Return, with both end lines included, exactly what the data below holds from the line with "3桁の数字の大きさ比べをしま" through the line with "3. Vyberte značky, které", though not the pictures.
=== Source material ===
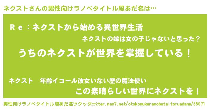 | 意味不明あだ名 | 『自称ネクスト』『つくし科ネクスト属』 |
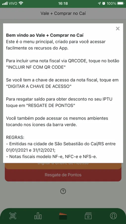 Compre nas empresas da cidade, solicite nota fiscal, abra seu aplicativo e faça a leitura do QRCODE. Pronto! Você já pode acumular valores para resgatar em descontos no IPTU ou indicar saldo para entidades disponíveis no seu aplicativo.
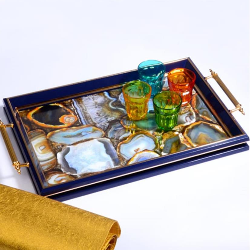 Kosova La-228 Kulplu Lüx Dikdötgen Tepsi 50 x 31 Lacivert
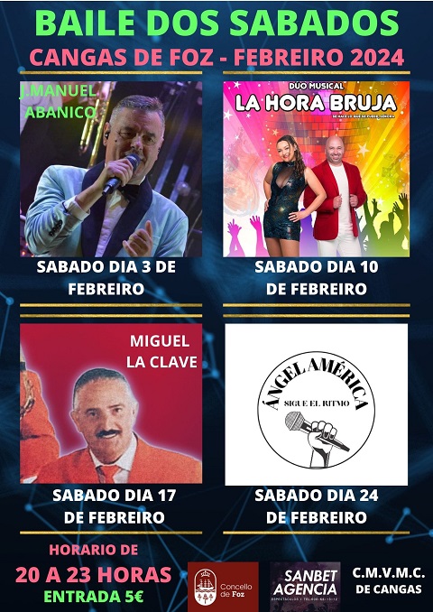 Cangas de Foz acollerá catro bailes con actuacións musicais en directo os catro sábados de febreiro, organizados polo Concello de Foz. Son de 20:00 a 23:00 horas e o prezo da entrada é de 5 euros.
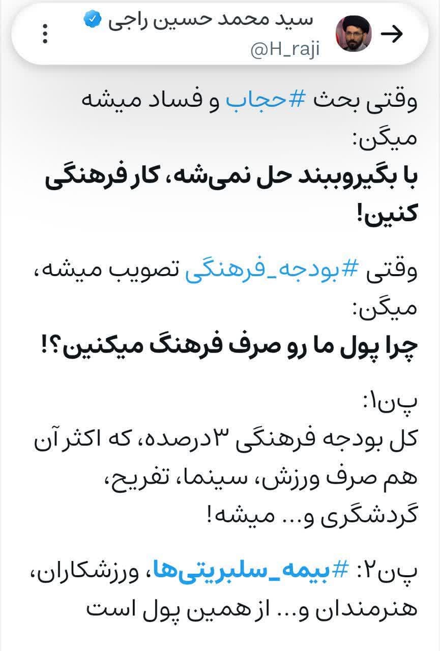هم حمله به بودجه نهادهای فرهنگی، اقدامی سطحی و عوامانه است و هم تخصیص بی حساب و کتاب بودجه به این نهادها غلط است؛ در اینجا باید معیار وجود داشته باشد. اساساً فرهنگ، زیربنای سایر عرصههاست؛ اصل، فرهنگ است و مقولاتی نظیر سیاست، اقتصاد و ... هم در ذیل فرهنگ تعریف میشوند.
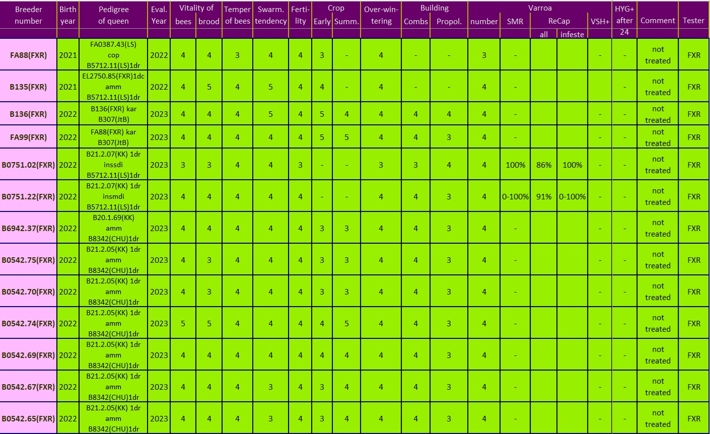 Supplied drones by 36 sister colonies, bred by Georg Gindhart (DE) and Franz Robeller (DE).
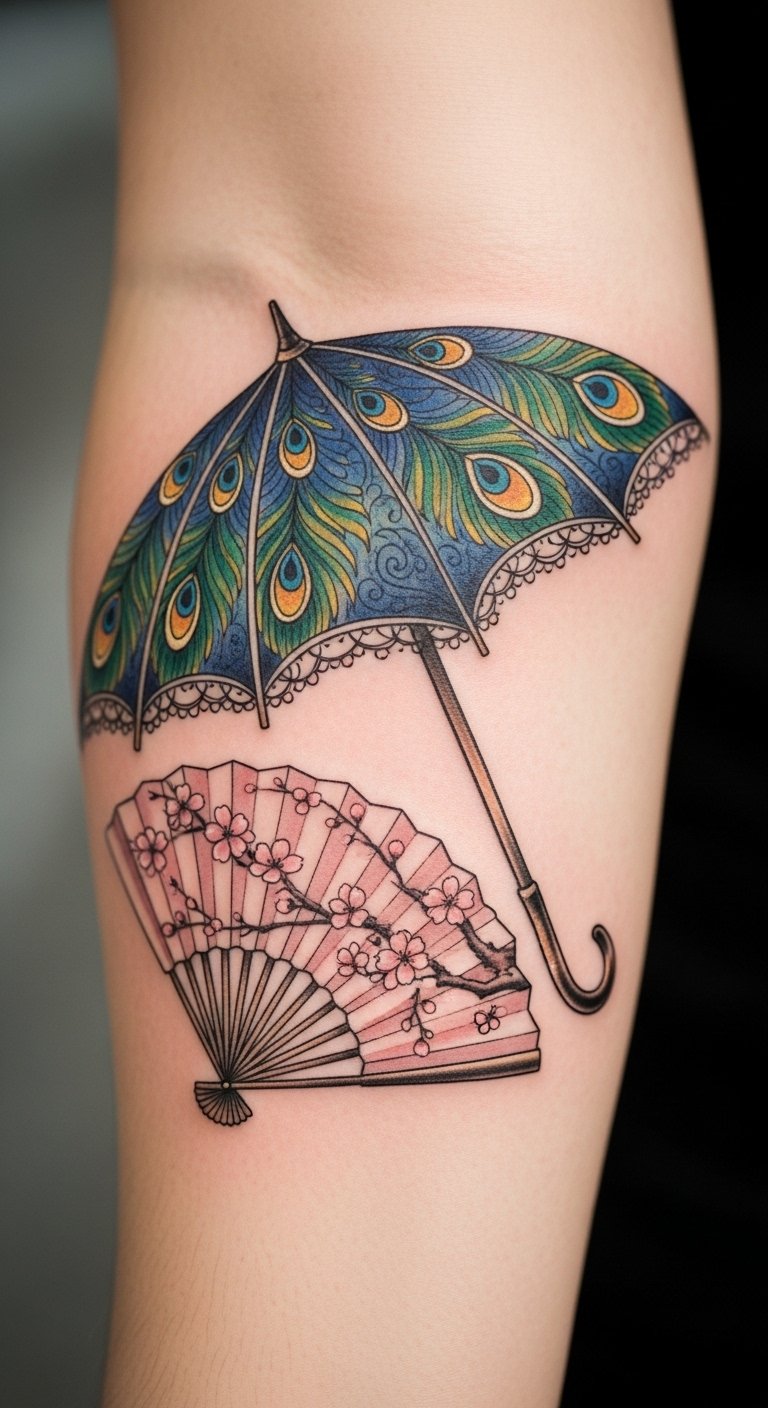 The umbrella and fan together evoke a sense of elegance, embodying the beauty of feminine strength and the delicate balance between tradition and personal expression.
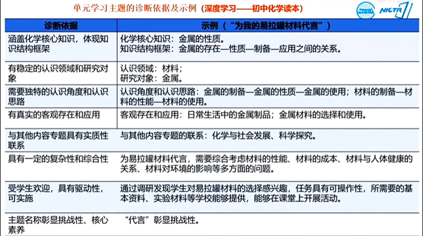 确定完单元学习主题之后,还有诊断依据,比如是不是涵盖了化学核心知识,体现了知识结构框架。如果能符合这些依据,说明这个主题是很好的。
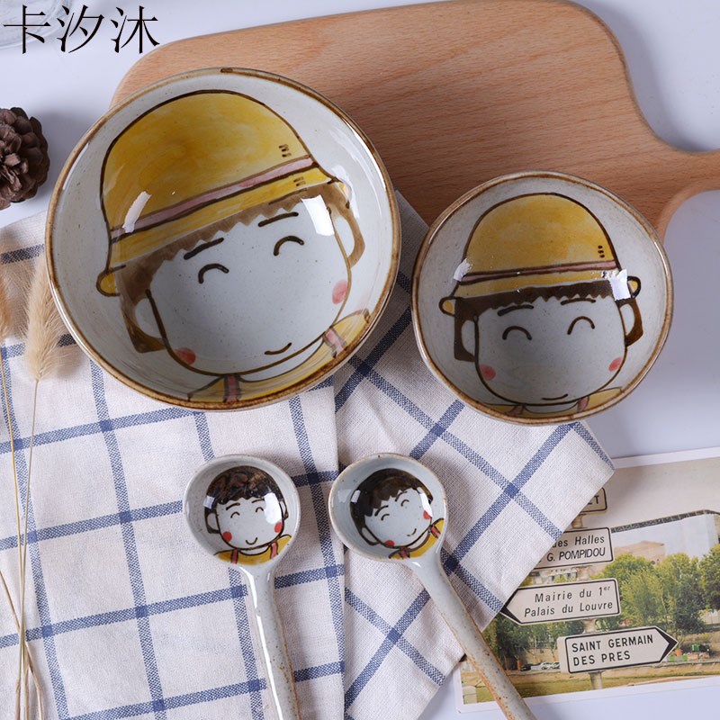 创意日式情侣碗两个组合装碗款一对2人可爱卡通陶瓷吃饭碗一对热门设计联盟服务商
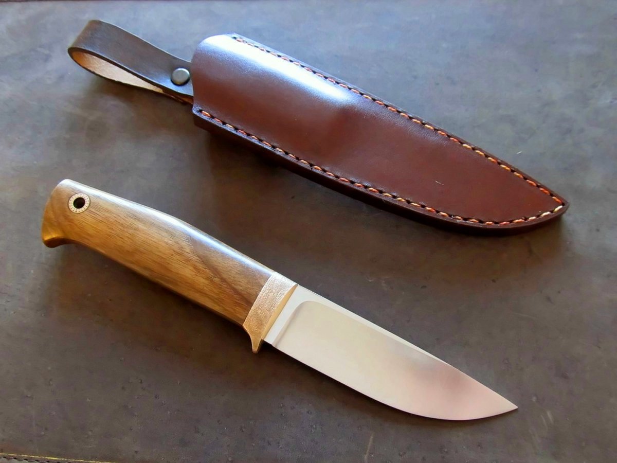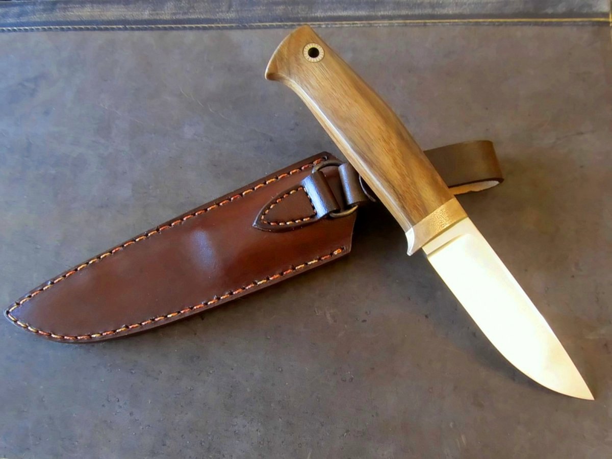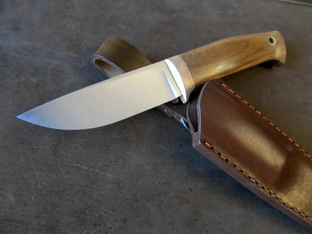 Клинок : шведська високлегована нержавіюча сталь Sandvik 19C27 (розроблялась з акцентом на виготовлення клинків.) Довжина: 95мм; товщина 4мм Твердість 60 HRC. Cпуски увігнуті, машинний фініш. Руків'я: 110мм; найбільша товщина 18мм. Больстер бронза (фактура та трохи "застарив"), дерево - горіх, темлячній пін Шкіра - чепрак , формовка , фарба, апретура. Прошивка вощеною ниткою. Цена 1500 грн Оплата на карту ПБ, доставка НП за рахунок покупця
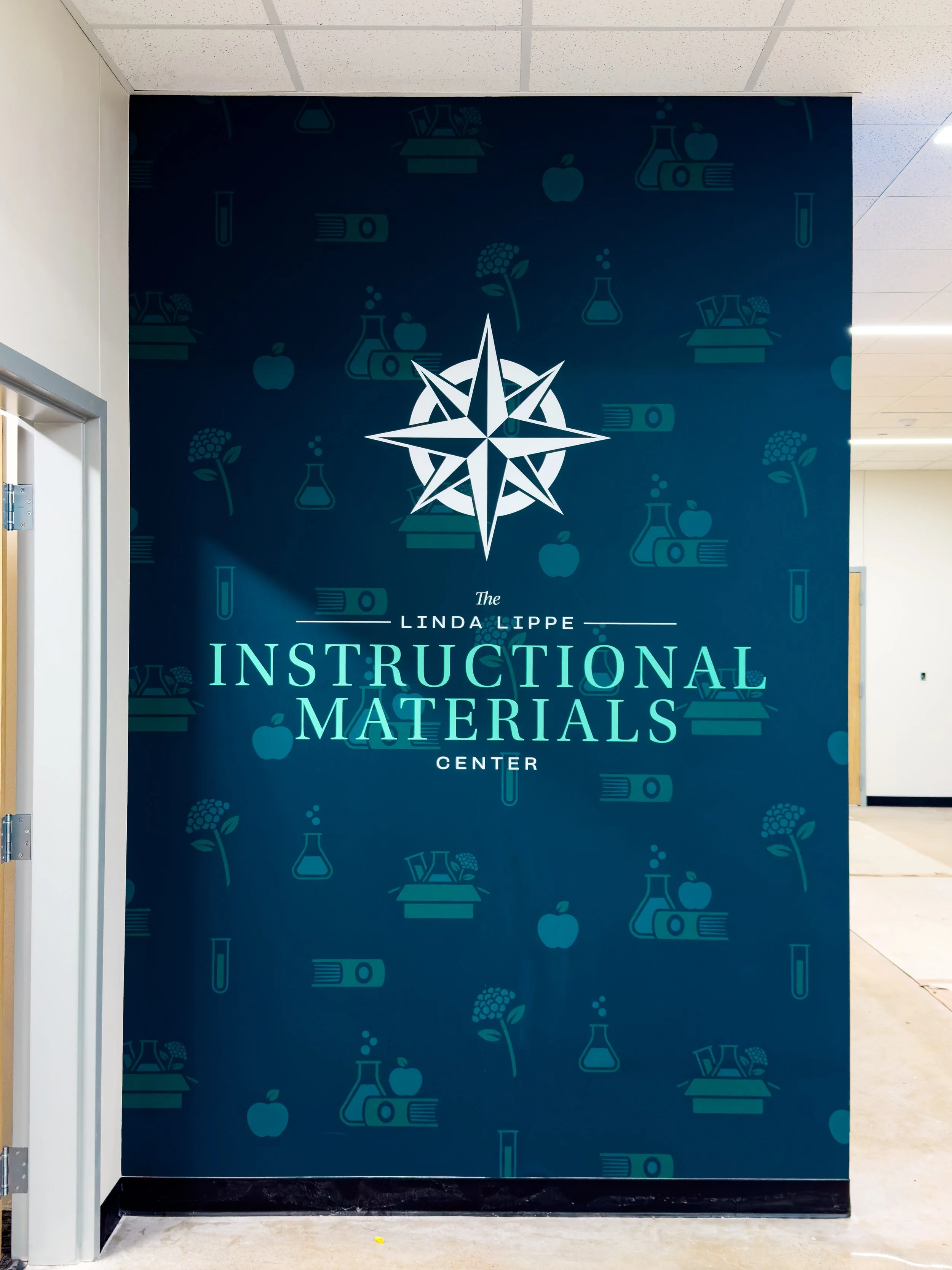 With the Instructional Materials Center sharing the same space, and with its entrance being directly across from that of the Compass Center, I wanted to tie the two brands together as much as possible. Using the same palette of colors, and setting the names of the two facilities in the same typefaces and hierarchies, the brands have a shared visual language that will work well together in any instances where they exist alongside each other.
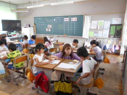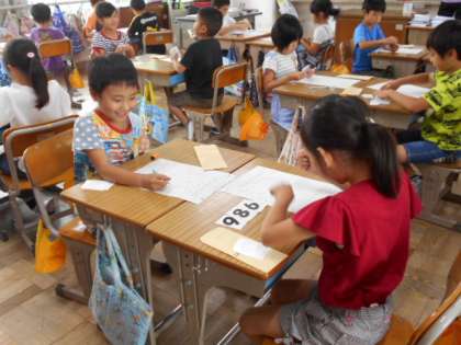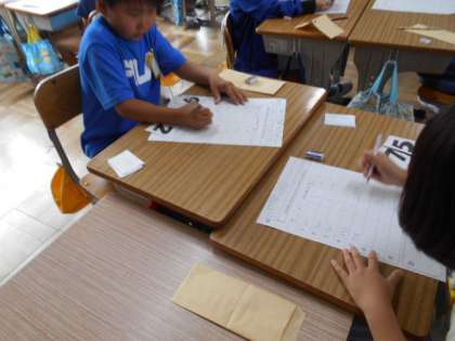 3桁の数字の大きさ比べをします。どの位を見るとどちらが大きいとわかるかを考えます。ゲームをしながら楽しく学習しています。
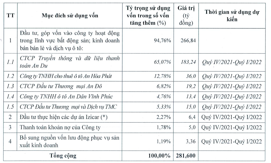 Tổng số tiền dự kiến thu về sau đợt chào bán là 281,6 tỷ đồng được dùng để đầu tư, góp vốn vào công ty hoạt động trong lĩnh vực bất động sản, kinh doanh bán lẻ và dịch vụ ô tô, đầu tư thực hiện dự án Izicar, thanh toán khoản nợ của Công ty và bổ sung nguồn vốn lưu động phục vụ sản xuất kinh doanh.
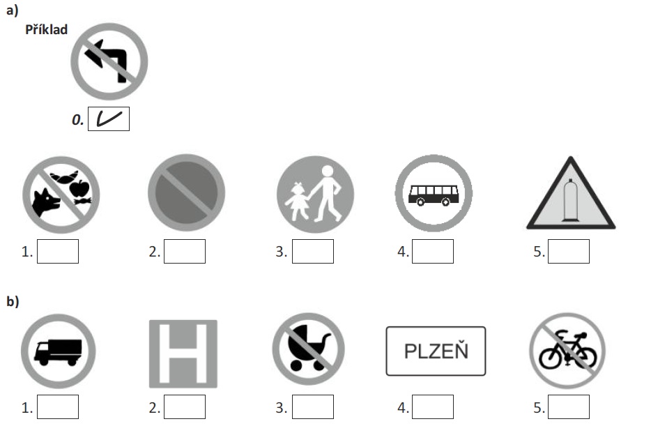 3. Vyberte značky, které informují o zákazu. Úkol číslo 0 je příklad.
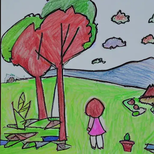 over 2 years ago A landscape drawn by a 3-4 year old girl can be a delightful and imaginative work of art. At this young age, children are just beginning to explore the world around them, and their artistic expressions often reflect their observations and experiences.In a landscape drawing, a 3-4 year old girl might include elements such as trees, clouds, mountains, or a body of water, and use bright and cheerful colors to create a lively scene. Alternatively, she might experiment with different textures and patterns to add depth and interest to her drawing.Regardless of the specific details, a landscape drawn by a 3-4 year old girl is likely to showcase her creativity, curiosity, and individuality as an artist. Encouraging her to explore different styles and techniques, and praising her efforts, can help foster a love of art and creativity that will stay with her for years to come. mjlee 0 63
===
Task response:
 3桁の数字の大きさ比べをします。どの位を見るとどちらが大きいとわかるかを考えます。ゲームをしながら楽しく学習しています。
 Tổng số tiền dự kiến thu về sau đợt chào bán là 281,6 tỷ đồng được dùng để đầu tư, góp vốn vào công ty hoạt động trong lĩnh vực bất động sản, kinh doanh bán lẻ và dịch vụ ô tô, đầu tư thực hiện dự án Izicar, thanh toán khoản nợ của Công ty và bổ sung nguồn vốn lưu động phục vụ sản xuất kinh doanh.
 3. Vyberte značky, které informují o zákazu. Úkol číslo 0 je příklad.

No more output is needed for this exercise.